Au cours des dernières décennies, nous avons fait des progrès remarquables dans la lutte contre le tabagisme grâce à une sensibilisation accrue du public et à des politiques et des programmes favorables. Dans les années 50, environ la moitié des adultes fumaient. Cette proportion a grandement chuté, se rapprochant aujourd’hui de 15 %.

Andrew Pipe et David Jones
Respectivement professeur à la faculté de médecine de l’Université d’Ottawa, et premier administrateur en chef de la santé publique du Canada

Selon les professionnels de la santé et les chercheurs, cette diminution impressionnante du tabagisme est le changement le plus positif des 60 dernières années pour la santé des citoyens.

Le tabagisme demeure cependant la principale cause de morts évitables au pays, fauchant près de 45 000 vies chaque année. Malheureusement, on compte 5 millions de fumeurs au Canada.

Mais ce n’est pas tout. Une étude canadienne a révélé qu’en un an, les taux de vapotage et de tabagisme chez les jeunes ont grimpé respectivement de 74 % et de 45 %. Ces chiffres démontrent entre autres que le vapotage chez les jeunes est devenu une épidémie, rendant une nouvelle génération dépendante à la nicotine.

C’est la première fois depuis des décennies que les taux de tabagisme chez les jeunes augmentent de manière fulgurante. Il est temps que nos politiques en tiennent compte.

Un élève sur cinq au secondaire consomme des produits de vapotage. De nouvelles études suggèrent que les jeunes qui vapotent sont plus susceptibles d’essayer la cigarette et le cannabis. En tant que médecins, nous sommes inquiets.

Bien que la cigarette électronique puisse aider certaines personnes à cesser de fumer, les données sur son efficacité évoluent. La recherche démontre que la plupart des gens qui vapotent fument aussi – leur dépendance à la nicotine est donc entretenue de deux façons. L’étude la plus rigoureuse examinant la cigarette électronique comme un outil de cessation a révélé que 80 % des personnes qui ont complètement arrêté de fumer continuent à vapoter.

Bien que les produits de vapotage soient considérés comme moins nocifs dans la communauté médicale, ils ne sont pas sans danger. Et ce danger devient de plus en plus évident chaque jour.

La consommation à long terme de produits de vapotage est liée aux maladies respiratoires et cardiovasculaires. Les personnes qui fument et vapotent sont les plus à risque. Presque tous les jours, des reportages aux États-Unis portent sur les maladies pulmonaires, sur les hospitalisations et même sur les décès liés au vapotage. Des cas probables et confirmés de maladies liées au vapotage sont maintenant signalés au Canada.

Comment en sommes-nous arrivés là ? Comment cette solution prometteuse a-t-elle mené à la dépendance et à la maladie ?

En raison d’un marketing persuasif ; d’un ciblage délibéré des jeunes par des arômes et une conception attrayantes ; d’une forte teneur en nicotine ; et d’un manque de surveillance et de réglementation. Les décideurs ont mal géré la situation.

Alors, comment protéger les jeunes et les non-fumeurs tout en permettant aux fumeurs d’avoir accès à la cigarette électronique pour potentiellement cesser de fumer ?

Tout d’abord, ne laissons pas l’industrie continuer à réaliser des profits au détriment de la santé de nos enfants. Pour aider les fumeurs qui envisagent le vapotage, nous devrions réglementer ces produits comme pour ceux du tabac.
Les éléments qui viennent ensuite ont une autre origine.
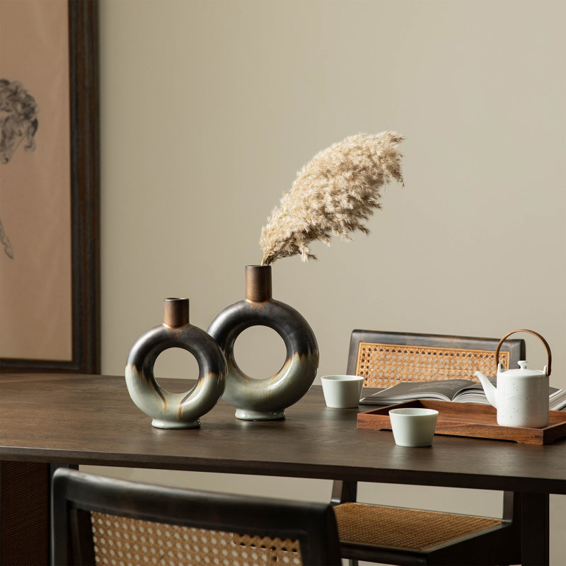 Our ceramic vase sets are crafted from premium ceramic material and finished with a high-gloss glaze by hand. Featuring a hollow donut shape and a striking contrast of unique tricolor glaze, this cera…. Read More.

Au lieu de publicités tape-à-l’œil, limitons la promotion aux messages approuvés par le gouvernement à l’intérieur même des paquets de cigarettes.

De toute évidence, d’autres mesures sont nécessaires pour faire face à la hausse du vapotage chez les jeunes, comme des restrictions sévères sur le marketing et la vente de produits de vapotage, et non une simple interdiction dans les dépanneurs.

Les jeunes sont attirés par les arômes, puis deviennent rapidement dépendants au taux de nicotine très élevé. Nous avons besoin d’une interdiction complète des arômes, d’une limitation de la teneur en nicotine et d’étiquettes claires, ainsi que d’avertissements concernant les risques pour la santé et la nature addictive de la nicotine.

Cœur + AVC ainsi que sept autres organismes de premier plan en santé ont demandé au gouvernement fédéral de mettre en place ces restrictions par l’entremise d’une ordonnance provisoire en vertu de la Loi sur le ministère de la Santé.

D’autres approches sont nécessaires pour aider les millions de fumeurs actuels à arrêter. Mais l’accès fortement encouragé à de nouveaux systèmes d’administration de nicotine n’est pas la solution.

* Andrew Pipe est président du conseil d’administration de Cœur + AVC et David Jones est membre du conseil d’administration de Cœur + AVC.